Showing posts with label Belgium. Show all posts
Showing posts with label Belgium. Show all posts

Saturday, 16 October 2010

Ducks around Ieper (Ypres)

My previous visits to Europe have been focussed on restaurants and food.  The trip in 2008 was focussed on WWI and WWII battle sites in Belgium.  Okay, there was also great food and restaurants as well as it always is with our family.  


I won't even begin to put history lessons in here.  I will leave that to my son-in-law and that at another time and place.  He, being a history teacher with a passion for war history, was our own remarkable personal tour guide around the battle sites in Belgium, making it interesting and informative.


Below are two links for those who would like to delve further into Diksmuide and trenches in particular as this is where this set of photos were taken.


http://en.wikipedia.org/wiki/Trench_warfare
http://www.trabel.com/diksmuide/diksmuide-trench.htm


Yes, the trenches have been recreated in concrete and there is no mud as we were there in July and there are poppies growing everywhere, softening the harshness of the images from WWI.  Yes, it is not an exact re-creation, but would I not have been seriously scarred in my mind to have been exposed to what the soldiers on both sides had to live through in this area of conflict?
The surroundings are flat, flat and flat, giving quite a different outlook on the the importance of a vantage point such as Hill 60 and why it was named as such.  http://en.wikipedia.org/wiki/Battle_of_Hill_60_(Western_Front)





After visiting the trenches, we stopped at beautiful Ieper for lunch.  And of course visited the town hall which has an excellent museum, In Flanders Fields.   http://www.inflandersfields.be/  
It is still difficult for me to believe the utter devastation of this area, even seeing the photos, and that the city has been entirely rebuilt to how it looked in 1914. 
http://www.greatwar.co.uk/ypres-salient/town-ieper-history.htm


Lunch with the ducks.  After all the rolling of the eyes and groaning when the ducks were brought out of my handbag, the kids played the game with me very well, pointing out picture opportunities and making sure the ducks were fed and watered along with us.

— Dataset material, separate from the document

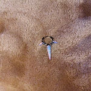 Elegant earrings with opalescent stones. Silver accents enhance the design. Perfect for any occasion.

Before going to Europe on this trip, friends were astonished that, firstly, we were going to Belgium and then that we were going to stay for two weeks.  Even the passport person at Brussels airport was amazed when daughter and son-in-law told him how long they were staying in the country.  'What are you going to do to fill in your time?'


I loved our time in Belgium  It was easy to get around, wonderful scenery, great food, wine, beer and chocolate.  Great place to visit.

Wednesday, 13 October 2010

Ducks in Bruges

This is going to be mainly photos as I have so many of ducks in Bruges - mainly the real ones.  Bruges itself is beautiful.  
A canal in Bruges, most of them are this pretty.
Blue Duck and Little Duck posing on the canal.

The real ducks across the canal hanging out on a landing.




Yes, these are not ducks but what the heck, wouldn't you take photos of them as well?


Looks like a female version of Little Duck except she is a cake of soap.

And chocolate ducks - we are in Belgium after all.

I have cropped this photo as didn't need to show the pearl G-string on the mannequin, I will leave that to people's imagination.  I was very disappointed that they were using a duck in this display for a sex shop!

And lastly, this was a duck we met while we were having late afternoon drinks beside the canal.  He really had attitude, eating the beer snacks that were thrown to him and even stole a cigarette out of my hand when I held it down out of the way of everyone else at the table.  Those were the days when I still smoked.

Long live all ducks - feathered, rubber, soap and chocolate.

Friday, 5 March 2010

Ducks in Champagne 2008

After Paris, my son had arranged for us to travel to Reims where there was the guided tour through Veuve Clicquot building and cellars, lunch at the Manoir in the hills and then back to Reims for a visit to Krug cellars and dinner at a local brassiere with our local hosts.  Wow, what a day.  And that is the meaning of the heading - no, we did NOT eat ducks cooked in Champagne.  Though the thought...................


The ducks were allowed to come out of my handbag very quickly when we were in the private tasting room at Veuve Clicquot while we were left alone for a moment between our tour and the guided tasting of the wines that make the famous champagne.  The ducks looked very happy being surrounded by all that glamour and yellow diffused light. Definitely suited them.




That was the end of their frivolity for the day.  They were not allowed out in public again for the time we were in Reims.
Lunch at the Veuve Clicquot Manoir in Verzy, maybe this picture explains why the ducks were not allowed to come out.











Between the Krug tasting (which I left early, there really is only so much champagne a girl can take in) and dinner, I retired to the hotel for a much needed relax and soak in the bath. 


As the ducks had been cooped up in my handbag for so long they enjoyed a wallow as well.  

The next morning we packed the car, no mean feat with the four of us travelling, had a wander around Reims and the beautiful cathedral and then continued on our travels to Belgium.
Decorative duck at Hotel des Templars, Reims.  Okay, couldn't resist taking the photo.